Assignment:
Your copy starts at the line containing "BARS (ENERGY, PROTEIN)" and ends at the last line below. Copy exactly, without pictures.

Raw data:
----------

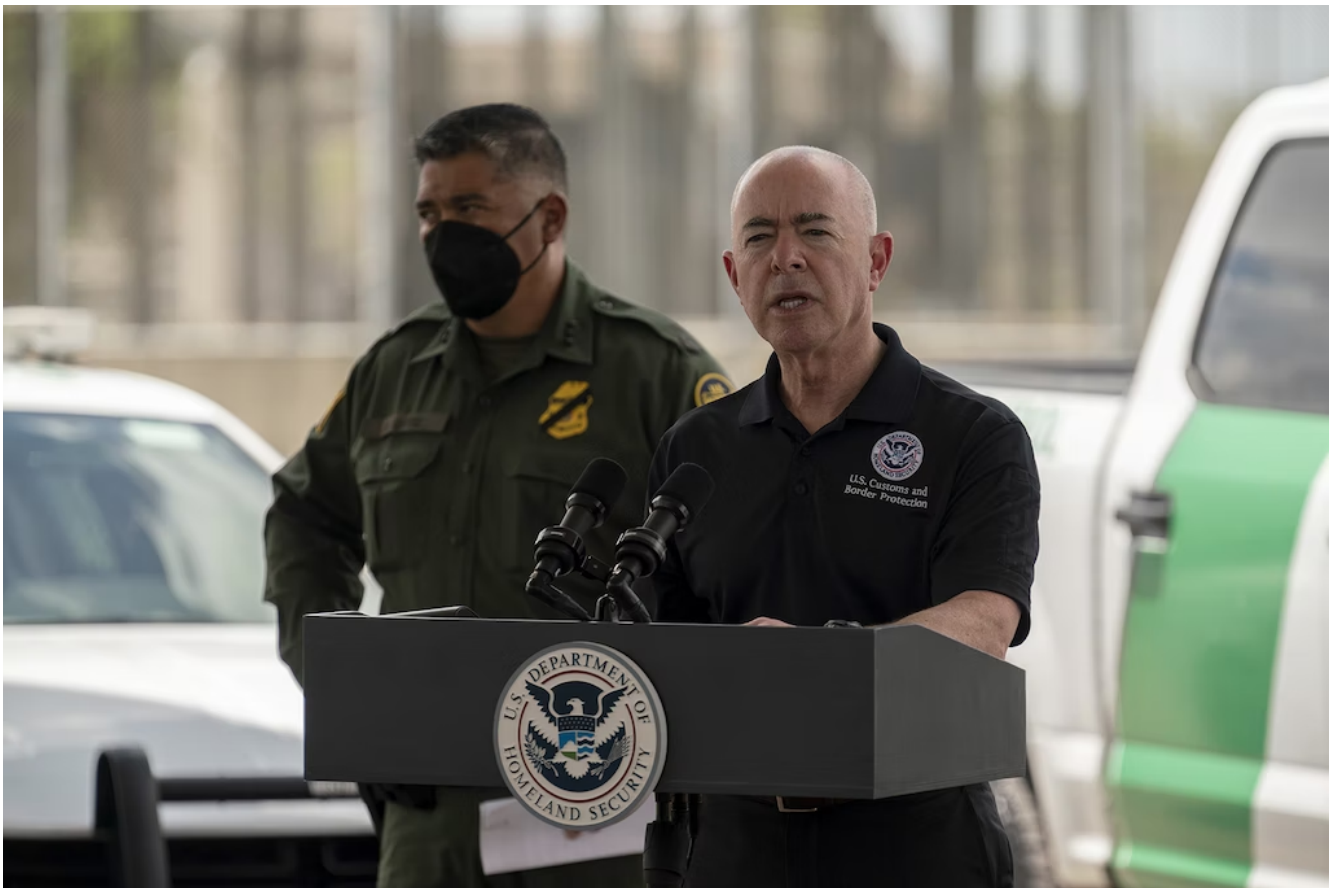
Alejandro Mayorkas, secretary of the Department of Homeland Security, speaks during a new conference in Brownsville, Texas, on Aug. 12, 2021.
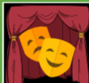
Theatre for Grades 5-7
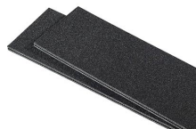
iM2450TPDIV Extra TrekPak Dividers
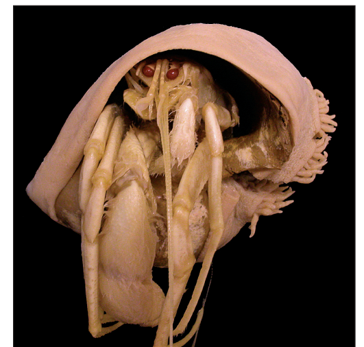
Stylobates birtlesi Crowther, Fautin & Wallace sp. n.

ZooKeys Launched to accelerate biodiversity research
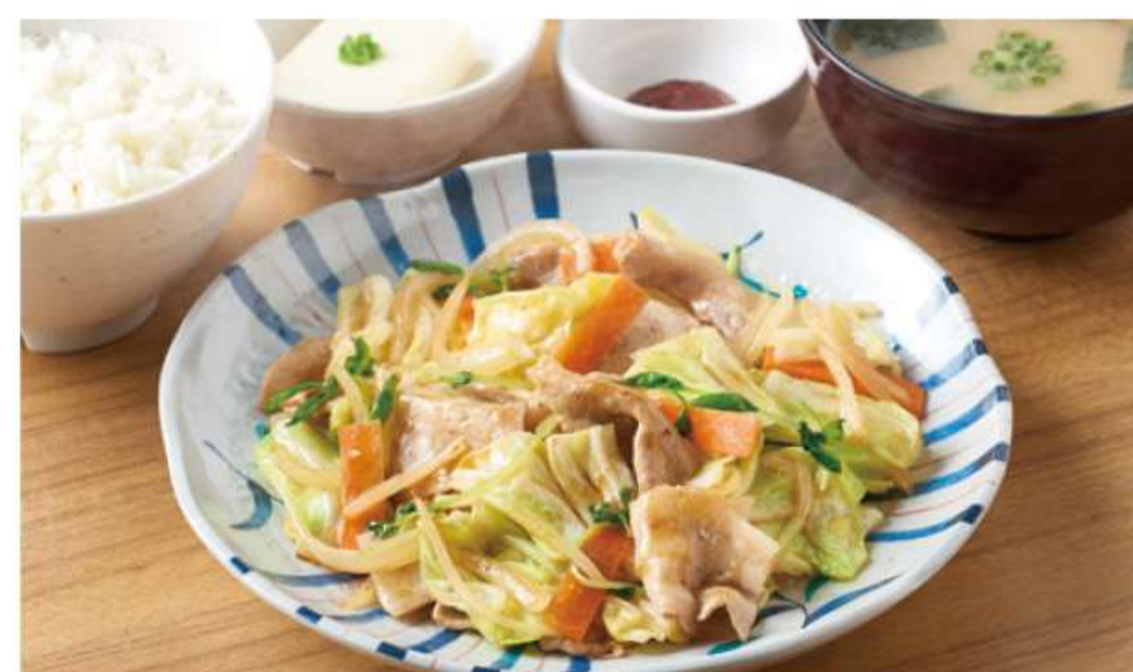
Stir-Fried Pork and Vegetables Teishoku
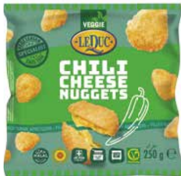
CHILI CHEESE NUGGETS 12 x 250 g
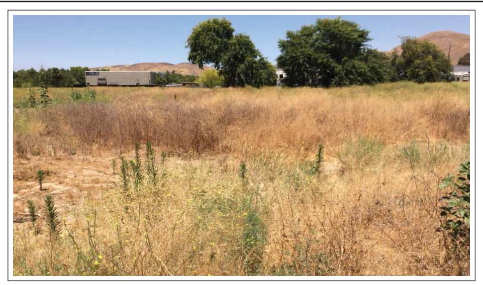
Ruderal vegetation in the southwest corner of the survey area, facing northwest.
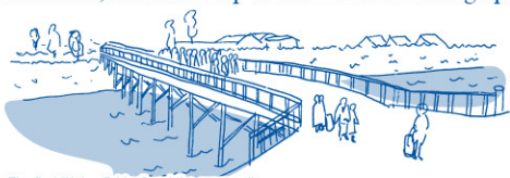
The first "Kaion Bridge" and the surrounding scenery
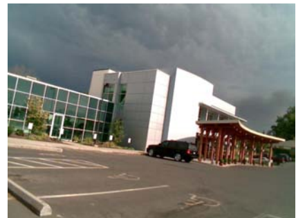
W Elevation View 2002 section
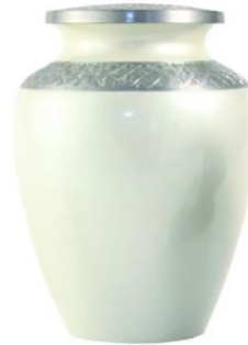
Celeste Pearl Price: $330 Alloy Dodge 941801 Size: 9.4"D x 6.9"H
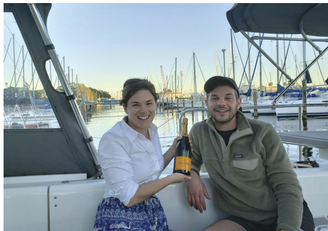
We passed our courses with flying colours and celebrated with Veuve Clicquot.

us a bearing to our destination. We had reserved a slip for overnight and I was mentally preparing to dock the 44-ft boat with no bow thrusters. Hunter showed me how to create engine wash to nail the docking.
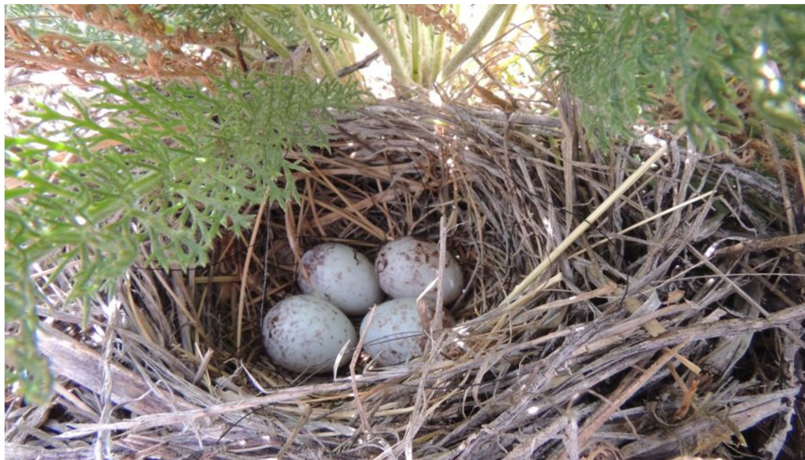
A vesper sparrow nest beneath a yarrow plant reveals tiny mottled eggs ( Achillea millefolium , North Center Pivot).
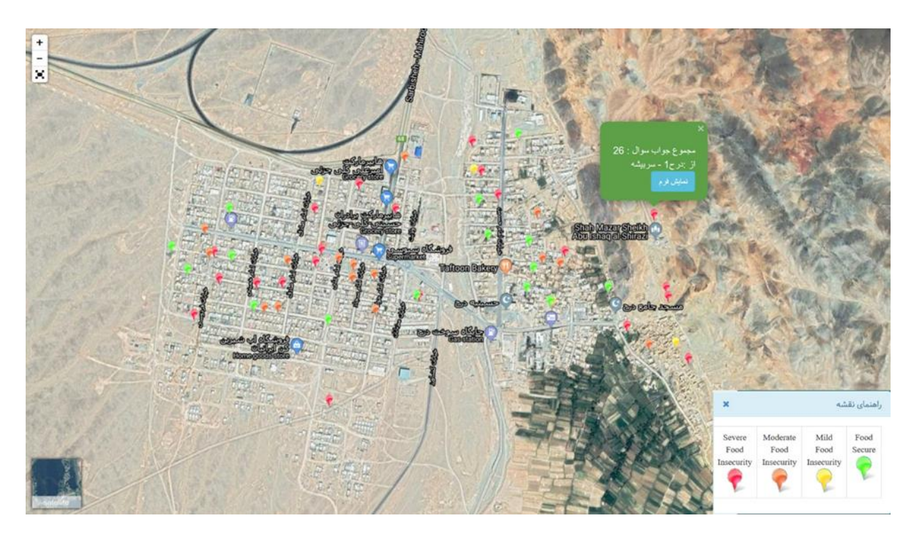
Figure 3. Distribution map of household food insecurity up to neighborhood and household level in SAMAT system
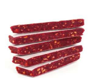
BARS (ENERGY, PROTEIN)

to boost consumer preference and differentiate your functional food and beverage brands
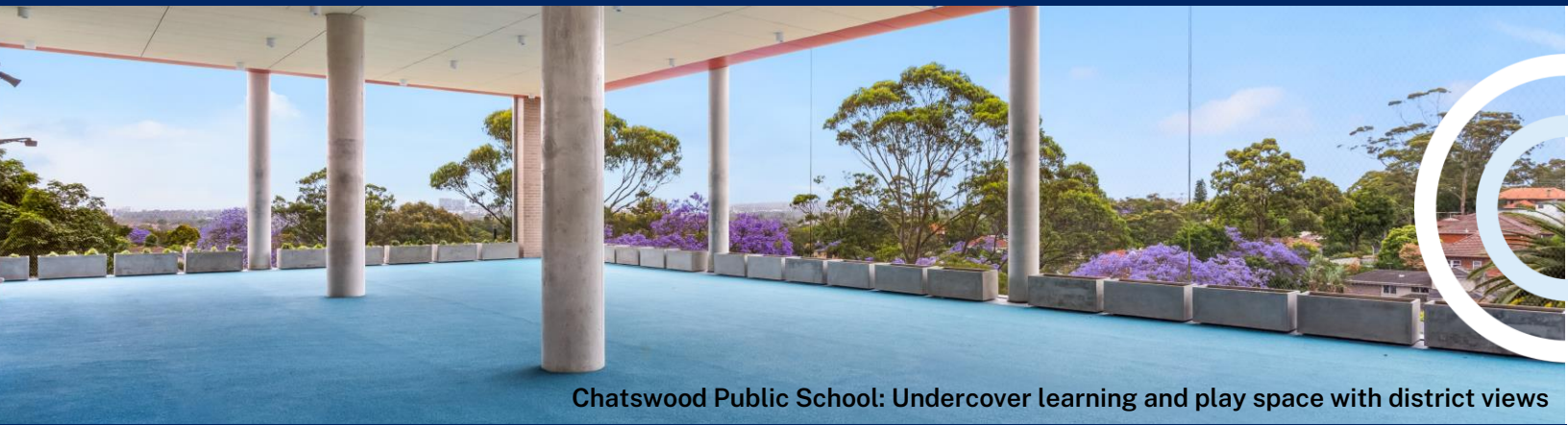
Chatswood Public School: Undercover learning and play space with district views
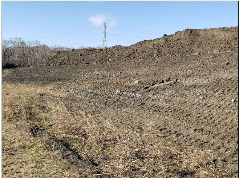
Photo No. 5 Looking northwest at southern slope of Cell 4.

Looking east at the south slope of Cell 2.
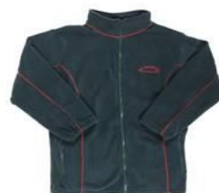
Unisex Polar Fleece Jacket Optional $67.50

----------

Written solution:
BARS (ENERGY, PROTEIN)

to boost consumer preference and differentiate your functional food and beverage brands
Chatswood Public School: Undercover learning and play space with district views
Photo No. 5 Looking northwest at southern slope of Cell 4.

Looking east at the south slope of Cell 2.
Unisex Polar Fleece Jacket Optional $67.50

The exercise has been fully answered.